こうした読みの背景には「雇用の大穴」がある。イエレン米財務長官は3月、公式統計で6%程度の失業率は、コロナ禍による雇用市場からの退出などを考慮すれば「実質的には10%程度」という認識を示した。確かに物価や賃金が継続して上昇する状況は遠い。FRBのパウエル議長も「完全雇用までゼロ金利を続ける」と明言している。
とはいえ、市場の警戒感はなお根強い。米バンク・オブ・アメリカの4月の機関投資家調査では、テール・リスク(確率は低いが現実になると影響が大きいリスク)として、「債券市場の波乱(テーパー・タントラム)」と「インフレ」を挙げる回答者がそれぞれ3割に上った。
SMBC日興証券のチーフエコノミスト牧野潤一氏は「夏場以降、米国の物価と金利の上昇リスクが一段と高まる局面が来そうだ」と危惧する。経済の正常化と大型の財政支出の相乗効果で想定以上に雇用が急回復してサービス価格が上がり、中期的に米長期金利を2.5%超に押し上げる可能性があるとみる。
一方、長い目でみれば、政策のインパクトは限定的との見方もある。BNPパリバ証券の河野龍太郎チーフエコノミストは「財政支出を拡大し続けることはできず、どこかで『崖』が来る。

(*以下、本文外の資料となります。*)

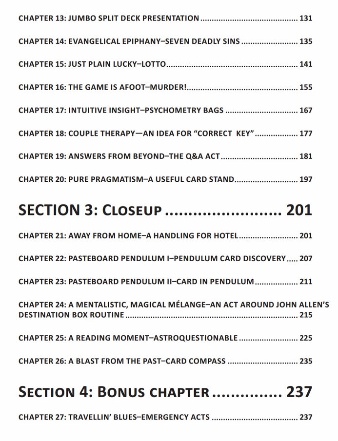 Also included are five professional routines of close-up miracles, including an entire act based on Jon Allen’s Destination Box.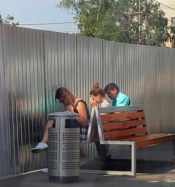 Скамейка... Ну видно же по фото, что люди так сели, потому что там тень, девушка рукой даже прикрылась. Ну, наверное, в прячущихся от солнца людях можно увидеть что-то смешное, да )))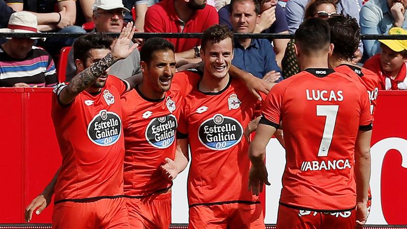 El Depor no pudo contar por lesión con el meta argentino Lux y a última hora con su compatriota Fede Cartabia; por sanción con el exsevillista Arribas; y por decisión técnica con Juan Domínguez y el uruguayo Jonathan Rodríguez, con lo que el técnico Víctor Sánchez del Amo apostó por el marroquí Fayçal Fajr y el luso Luisinho en los extremos, Luis Alberto -formado en el Sevilla- y Lucas Pérez arriba.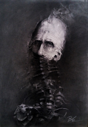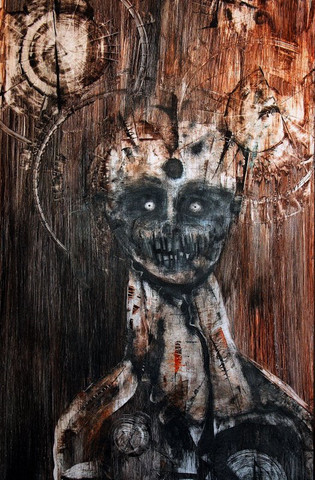 I love that vacancy in his eyes. He's so far gone it doesn't even matter anymore. Great piece.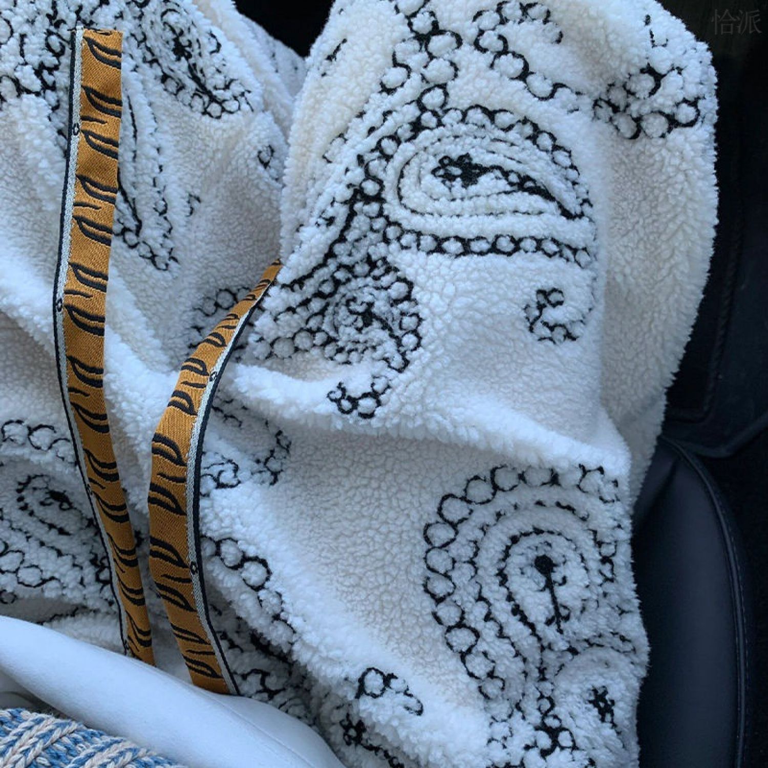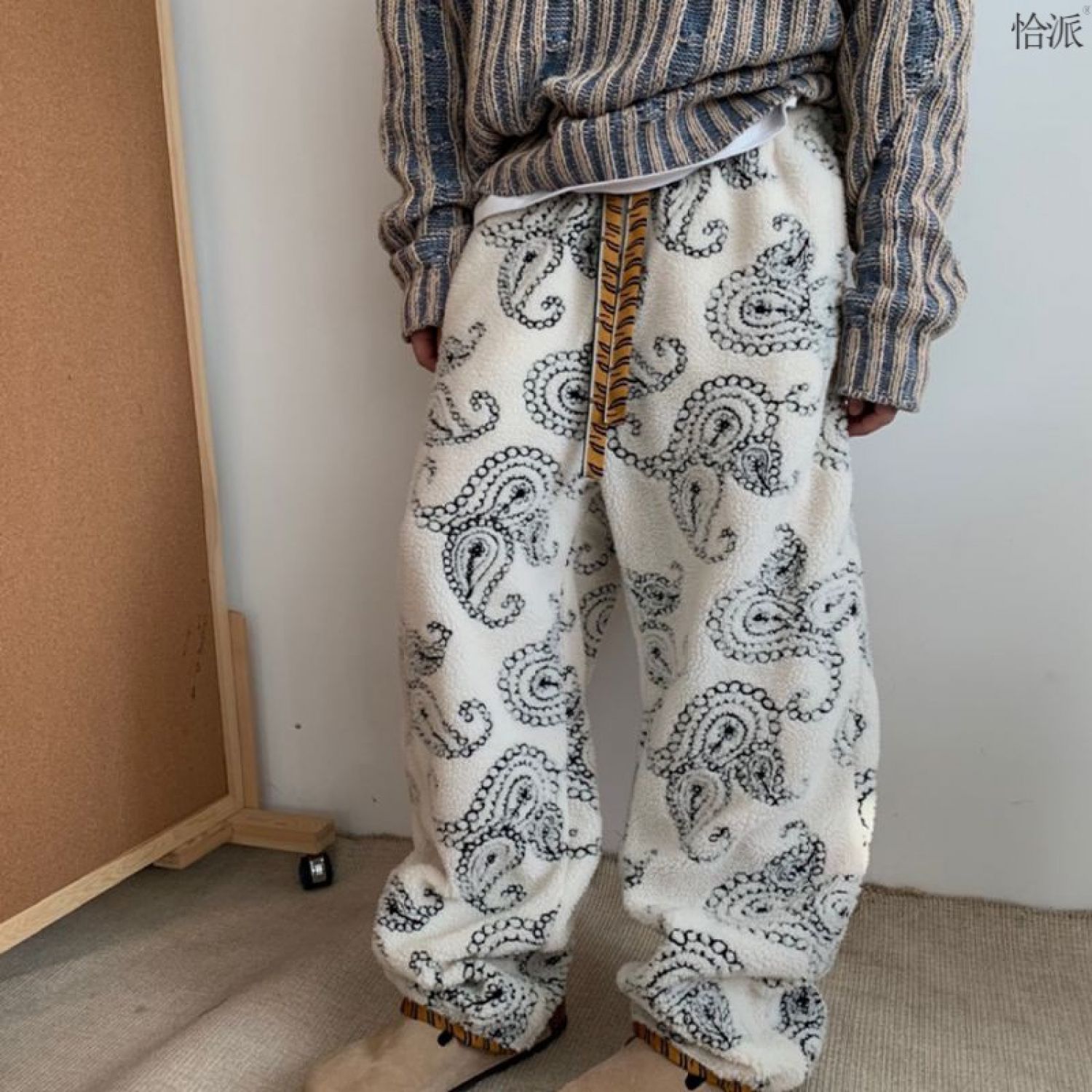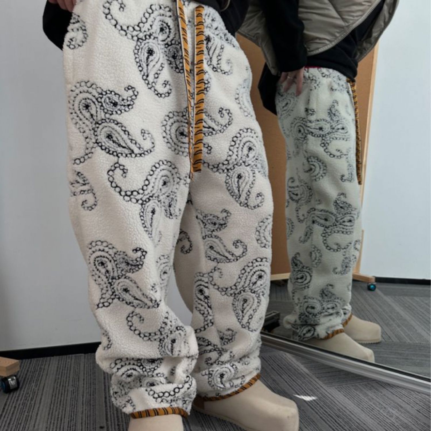 Color: white paisley fleece pants, black paisley fleece pants

需要サイドから金利やインフレの居所を恒常的に押し上げるのは難しい」と話す。コロナ前から進んでいた米国の低金利・低インフレ傾向は「格差拡大による富裕層の過剰貯蓄とイノベーションによる生産性向上のダークサイドであり、そうした経済構造は温存される」(河野氏)という見立てだ。

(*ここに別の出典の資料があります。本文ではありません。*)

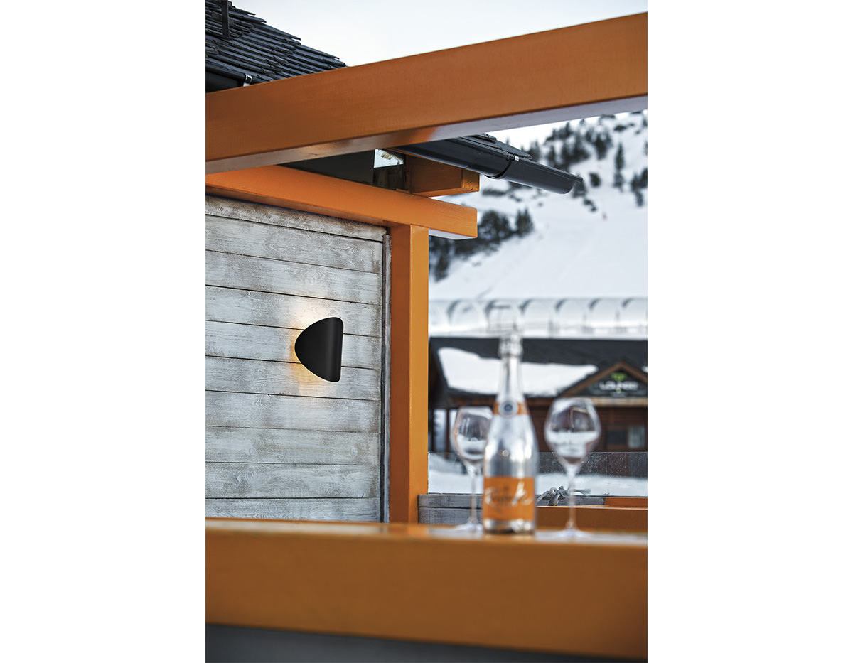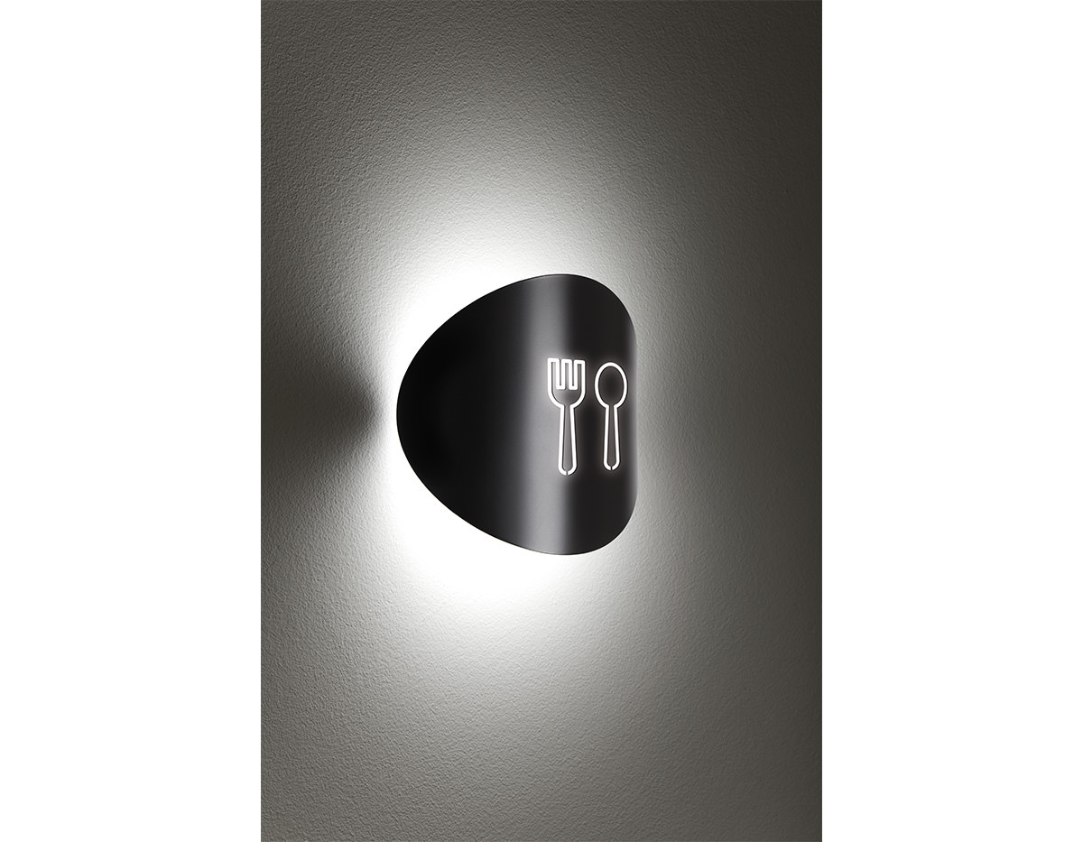 Metal wall lamp suitable for indoor and outdoor with an interior shade made of polyethylene and integrated dimmable LED. The curved metal front plate allows laser-cut signage with custom creations including ideograms, logos and texts.

FRBのパウエル議長は「完全雇用までゼロ金利を続ける」と明言する=ロイター
新型コロナ危機以降、経済とマーケットは未曽有の視界不良の中にある。インフレの行方も見えない状況が続く。
確かなのは、ワクチン接種同様に出遅れ気味の日本では実感しにくいが、最上流の商品相場を含め、すでにインフレ第1波は到来していることだ。
理想のシナリオは「高成長・高インフレ」から「安定成長・適度のインフレ」への移行、いわゆるゴルディロックス(適温)経済の再来だろう。だが、危機と各国の財政・金融政策が作り出した波の高さを考えれば、軟着陸は至難の業だ。
この先には「海図無き荒海」が待っていると覚悟しておいた方が良さそうだ。